McCain's campaign has "also suggested that Obama would rather lose a war than an election, is personally responsible for the rise in gas prices, and is a celebrity on the order of tabloid divas Britney Spears and Paris Hilton," David Jackson and Kathy Kiely point out in USA Today.
As for the backlash: "The big question for the McCain campaign . . . is whether this is worth of John McCain, or whether it demeans him with frivolousness," ABC's Jake Tapper reported on "Good Morning America" Friday.
"Three months before Election Day, John McCain's stepped up aggression begs the question: Will voters vote for the scold?" the AP's Jim Kuhnhenn reports. "In striking an aggressive pose, McCain is in danger of letting the caricature of an angry, petulant candidate take seed -- not so much because he is one, but because it stands in stark contrast to Obama's carefully cultivated, well, celebrity, and McCain's own promises to run a respectful campaign."

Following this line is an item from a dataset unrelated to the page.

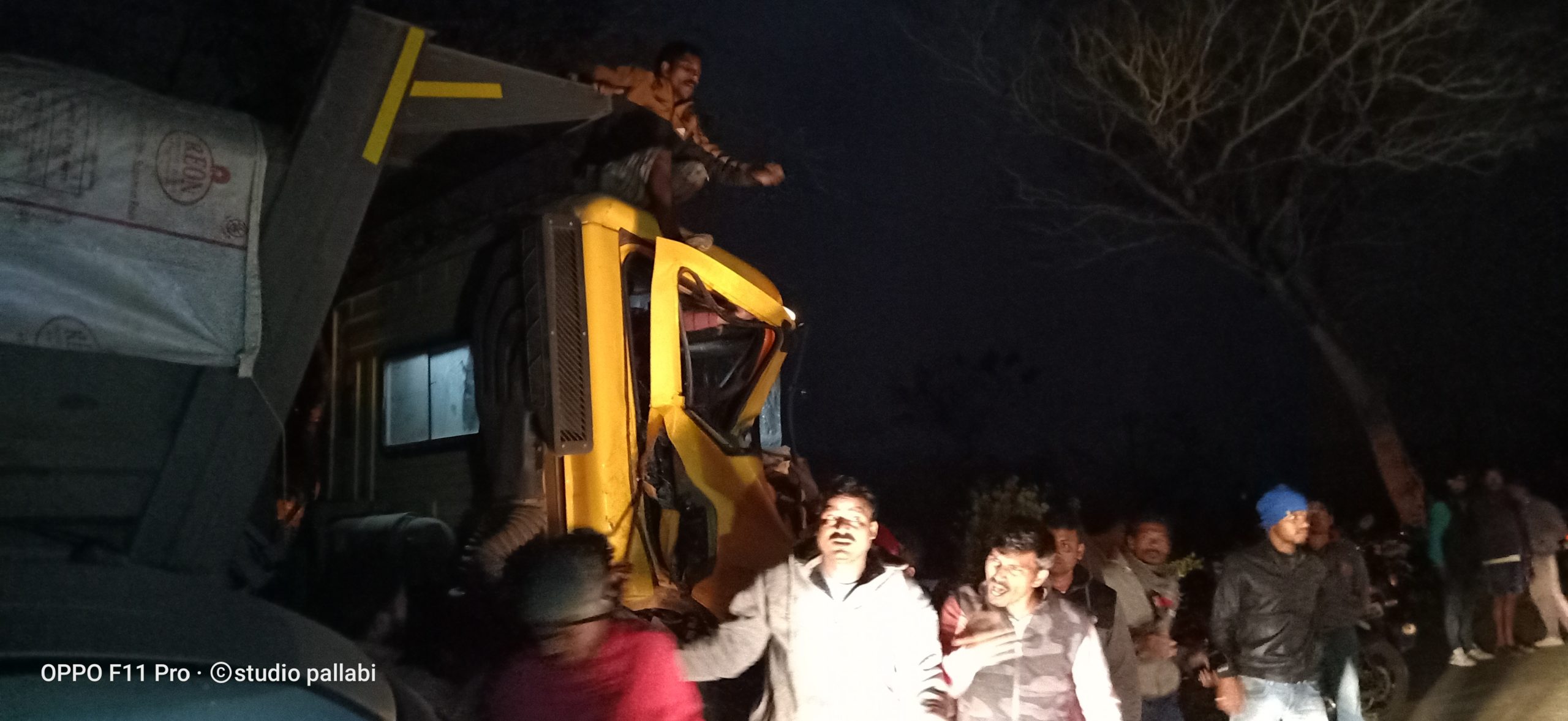 ବଡ଼ସାହି,୧୧ା୧୨(ସ୍ବ.ପ୍ର)-ବଡ଼ସାହି-ବେତନଟୀ ରାସ୍ତାର ଘୁଷୁରିଆ ନିକଟରେ ମଙ୍ଗଳବାର ରାତି ୮ଟା ୪୫ମିନିଟ ସମୟରେ ଏକ ଦୁର୍ଘଟଣାରେ ୪ ଜଣ ଗୁରୁତର ଆହତ ହୋଇଛନ୍ତି। ଏକ ବାଲି ବୋଝେଇ ଡ଼ମ୍ପର ସହିତ ଗୋରୁ ବୋଝେଇ ପିକଅପ ଭ୍ୟାନର ମୁହଁାମୁହଁି ଧକ୍କା ହୋଇଥିଲା। ଆହତମାନଙ୍କୁ ଚିକିତ୍ସା ଲାଗି ବାରିପଦା ଡ଼ାକ୍ତରଖାନାକୁ ପଠାଯାଇଛି ା ଏହି ଦୁର୍ଘଟଣାରେ ୨ଟି ଗୋରୁଙ୍କର ମଧ୍ୟ ମୃତ୍ୟୁ ଘଟିଛି। ଗୋରୁ ବ୍ୟବସାୟୀ ଭାଗିରଥି ଦଣ୍ଡପାଟ ଓ ଚକ୍ରଧର ଦଣ୍ଡପାଟ ଆହତ ହୋଇଥିବା ବେଳେ ଡ଼ମ୍ପର ଚାଳକ ଓ ଅନ୍ୟ ଜଣଙ୍କ ପରିଚୟ ଜଣାପଡ଼ିନାହିଁ।

McClatchy's David Lightman and William Douglas: "If voters find that Obama's image doesn't match the one McCain is peddling, they may reject him, a lesson Jimmy Carter learned in 1980 when he painted Ronald Reagan as dangerous and out of touch."
"In a celebrity-driven culture that has left little space for John McCain, the Republican presidential candidate has decided to go tabloid," Howard Kurtz writes in The Washington Post.